El país no puede darse el lujo de que los polos de desarrollo, las industrias, la generación de empleo se sigan concentrando en Bogotá, Antioquia, Cundinamarca y Valle del Cauca, excluyendo más de la mitad del territorio nacional.

En la agenda del nuevo gobierno, el desarrollo regional es una de las prioridades. En ese sentido la Federación Nacional de Departamentos considera que se deben profundizar la descentralización, el empoderamiento y mayor autonomía de los gobiernos locales y destinar mayores recursos para desarrollar sus proyectos. Estos son algunas de las prioridades de las regiones:

•    Más recursos: los departamentos piden una reforma al Sistema General de Participaciones (SGP), que son los recursos que les transfiere la nación para salud, educación, agua potable y saneamiento básico. Estiman que por lo menos el 35 % de los ingresos corrientes de la nación se deberían ir a las regiones. 

•    Reforma tributaria territorial: uno de los principales problemas de los territorios es la limitada generación de recursos propios.
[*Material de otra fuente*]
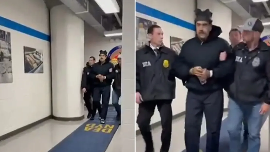 Белият дом разпространи видеозапис в социалната мрежа „Екс“ (X), на който се вижда как Мадуро, окован с белезници и ескортиран от служители на Агенцията за борба с наркотиците (Drug Enforcement Administration – DEA), преминава по коридор в сграда на федералните власти. В официалния акаунт Rapid Response на Белия дом кадрите бяха придружени от коментара „Perp walked“ – израз, използван в САЩ за публично извеждане на заподозрян след арест.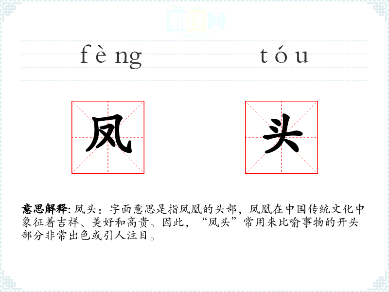 在**文化中,凤凰象征着吉祥、美好和高贵,因此“凤头”也承载了这些积极的寓意。在社会交往中,人们往往希望自己的言行能够给人留下良好的第一印象,这与“凤头”的含义不谋而合。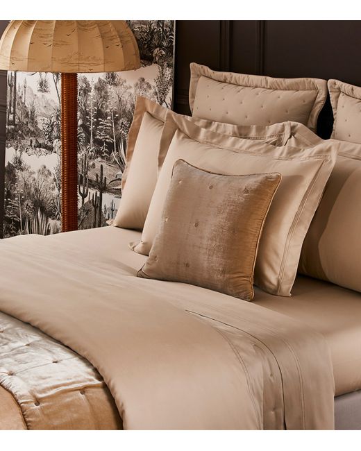Crafted from pure organic cotton, Yves Delorme's Triomphe bedlinen collection creates a calm, contemporary atmosphere. Each piece has been woven with a silky sateen finish and trimmed with piping for a subtle point of interest, ready to be layered with piles of knitted blankets and plush cushions for a relaxing result.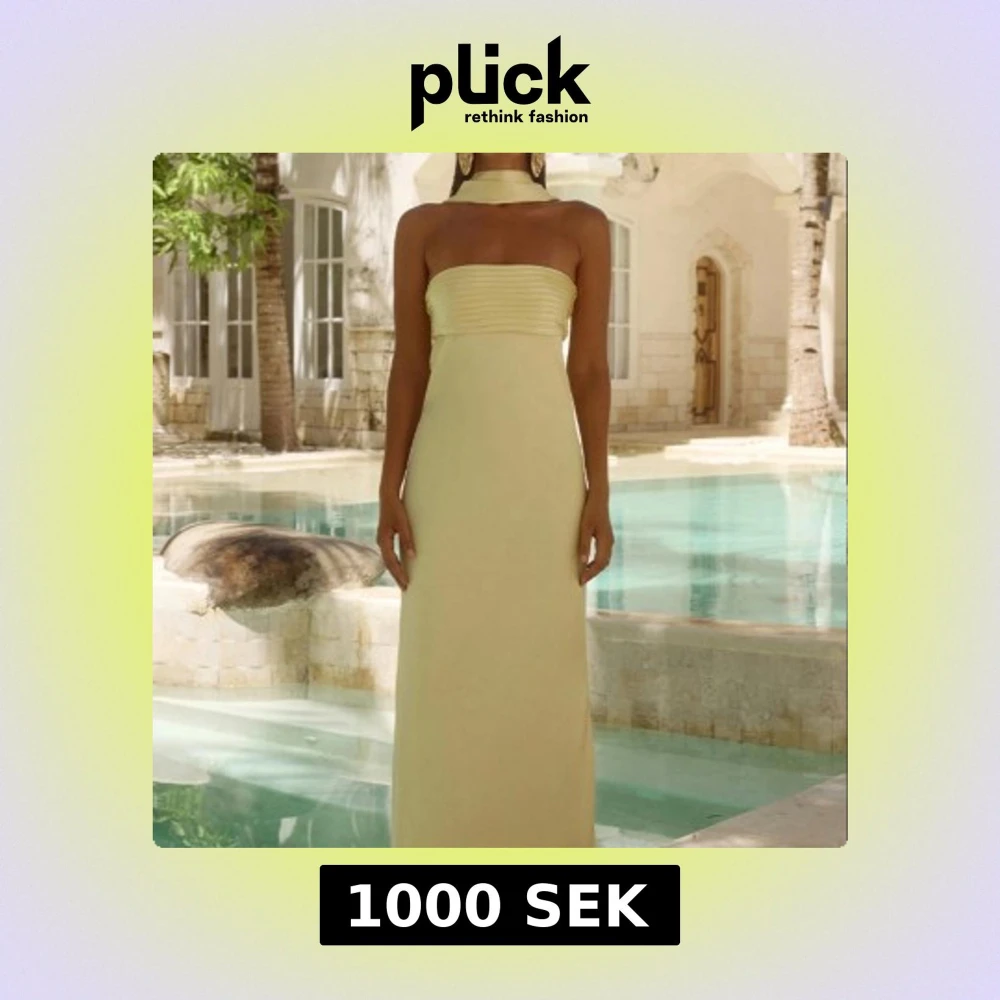 Säljer en elegant ljusgul långklänning med axelbandslös design och ribbad detalj över bysten. Klänningen har en rak siluett och ett stilrent uttryck, perfekt för dig som vill sticka ut med en sofistikerad look.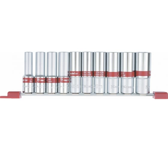 Набор MATRIX 13590 состоит из торцевых головок увеличенной длины наиболее распространенных размеров, которые используются для монтажа/демонтажа крепежных изделий. Выполнены из качественной хром-ванадиевой стали и отполированы, что делает их устойчивыми к коррозии и износу. Твердость материала рабочих частей головок составляет 42 HRC, что соответствует требованиям ГОСТа. Изделия имеют шестигранный рабочий профиль, обладают большим рабочим ресурсом и обеспечивают высокую эффективность завинчивания, поэтому их широко используют на производстве и в автосервисах. Поставляются на металлической планке под квадрат 1/2", упакованы в блистер.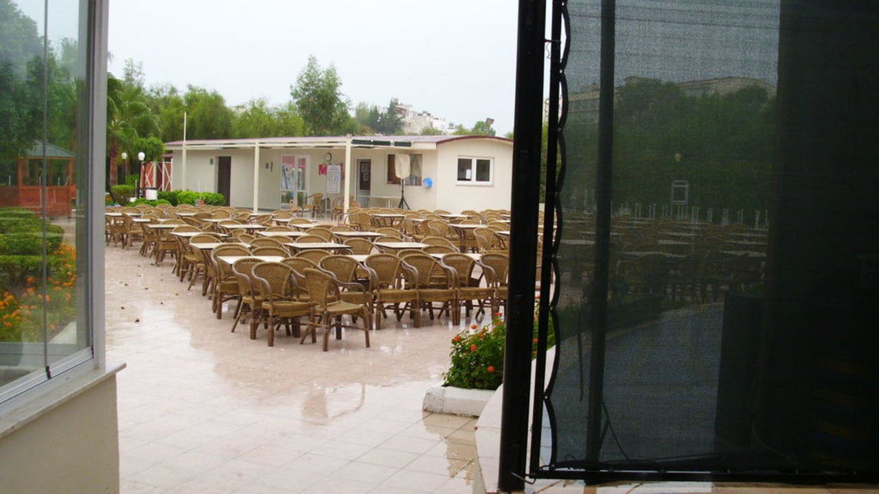 Blick vom Innenpool nach draußen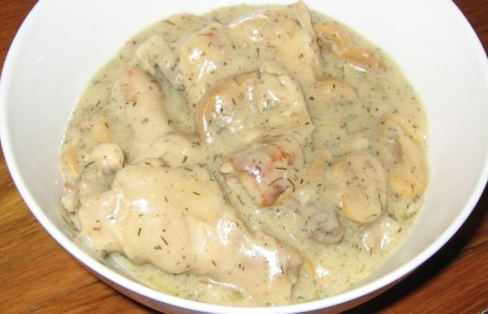O mancare complexa pe baza de carne de pui, legume, sos alb si diverse mirodenii este puiul cu ciuperci si arpagic.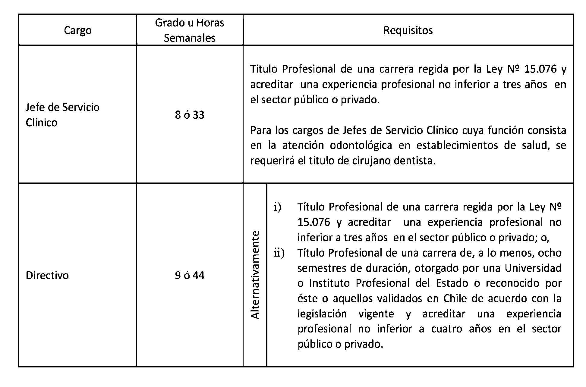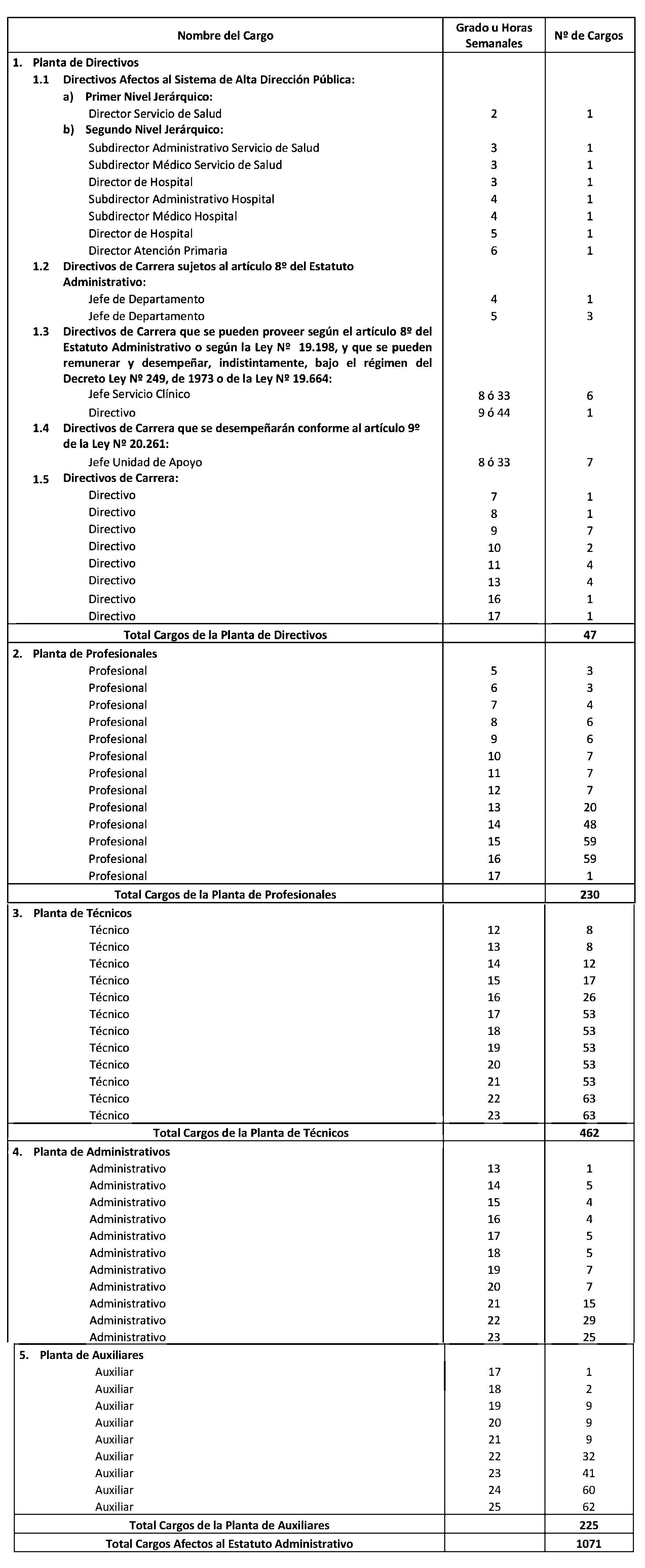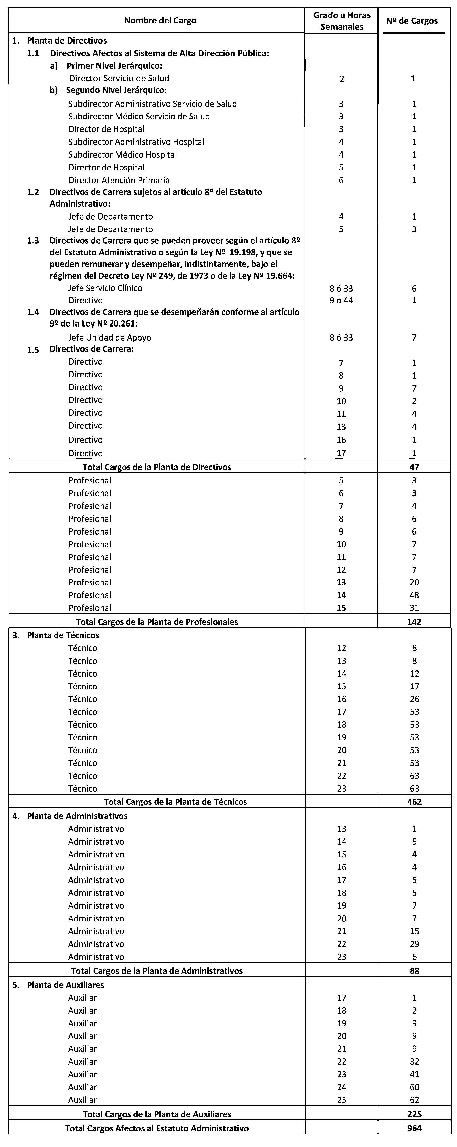 El Art. 1° del Decreto con fuerza de Ley 24, Salud, publicado el 17.01.2015, modifica los puntos 1.3 y 1.4. de la Planta de Personal establecida en el presente artículo en el sentido de suprimir, en la Planta de Directivos de Carrera, los cargos de "Directivo" y "Jefe Unidad de Apoyo" que la citada norma indica. Por su parte, su Art. 2° crea 297 horas en la Planta Profesional de Horas, que representan los cargos suprimidos en virtud del Art. 1°.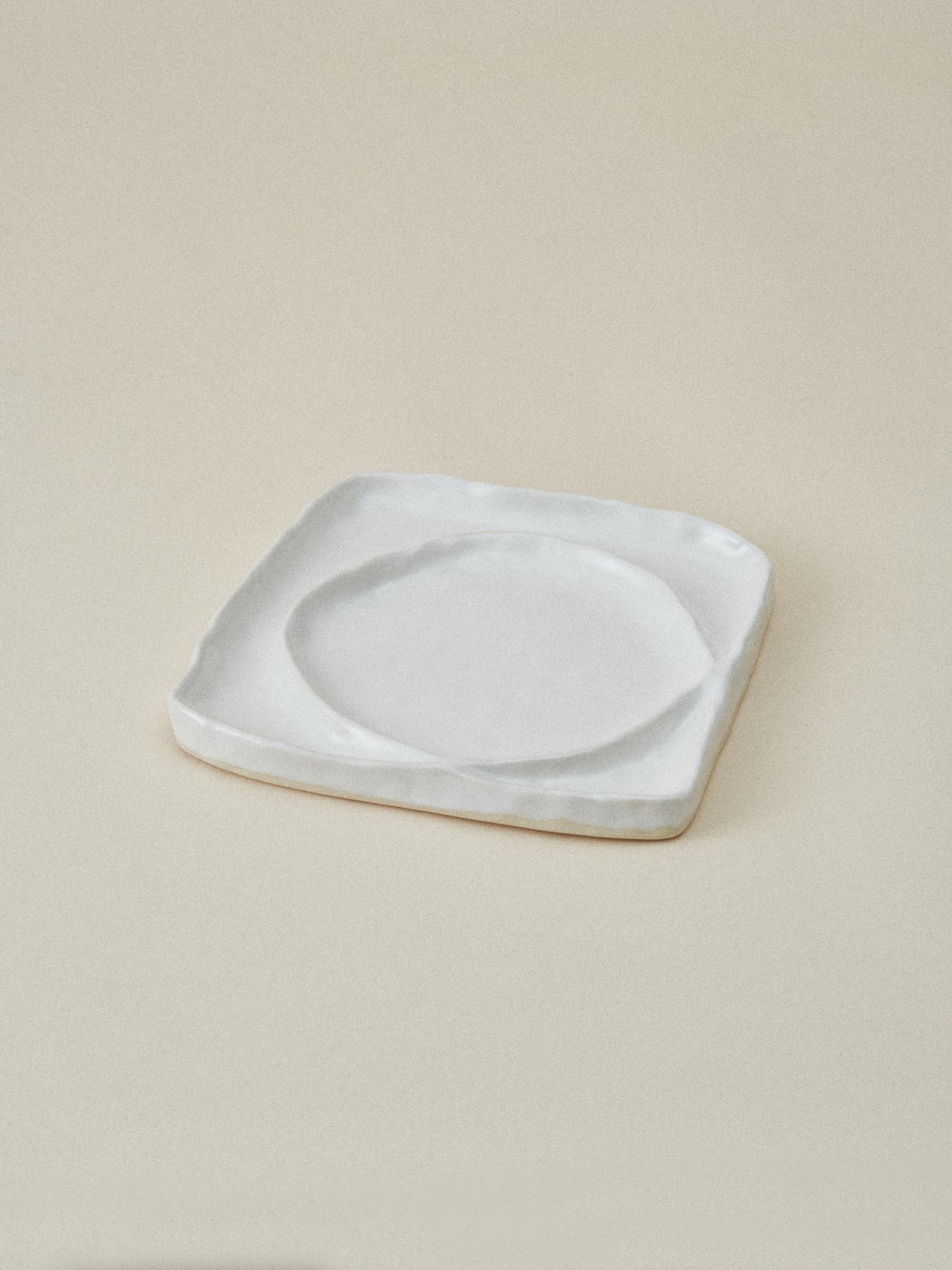 Inspired by a white canvas and the natural grooves of unrefined lines, this handmade plate is part of our first collaboration series with Pollygarden.

El año pasado el recaudo por impuestos de las regiones ascendió a $10,5 billones, de los cuales el 60 % está concentrado en Antioquia, Cundinamarca, Valle del Cauca, Santander, Atlántico y Bolívar. Amylkar Acosta, exministro de Minas y Energía y experto en temas de descentralización, dice que en 30 años se han aprobado 17 reformas tributarias para la nación, pero ninguna para las regiones. Eso explica la concentración del recaudo que se queda 83 % en la nación, 12 % en los municipios y menos del 5 % en los departamentos. 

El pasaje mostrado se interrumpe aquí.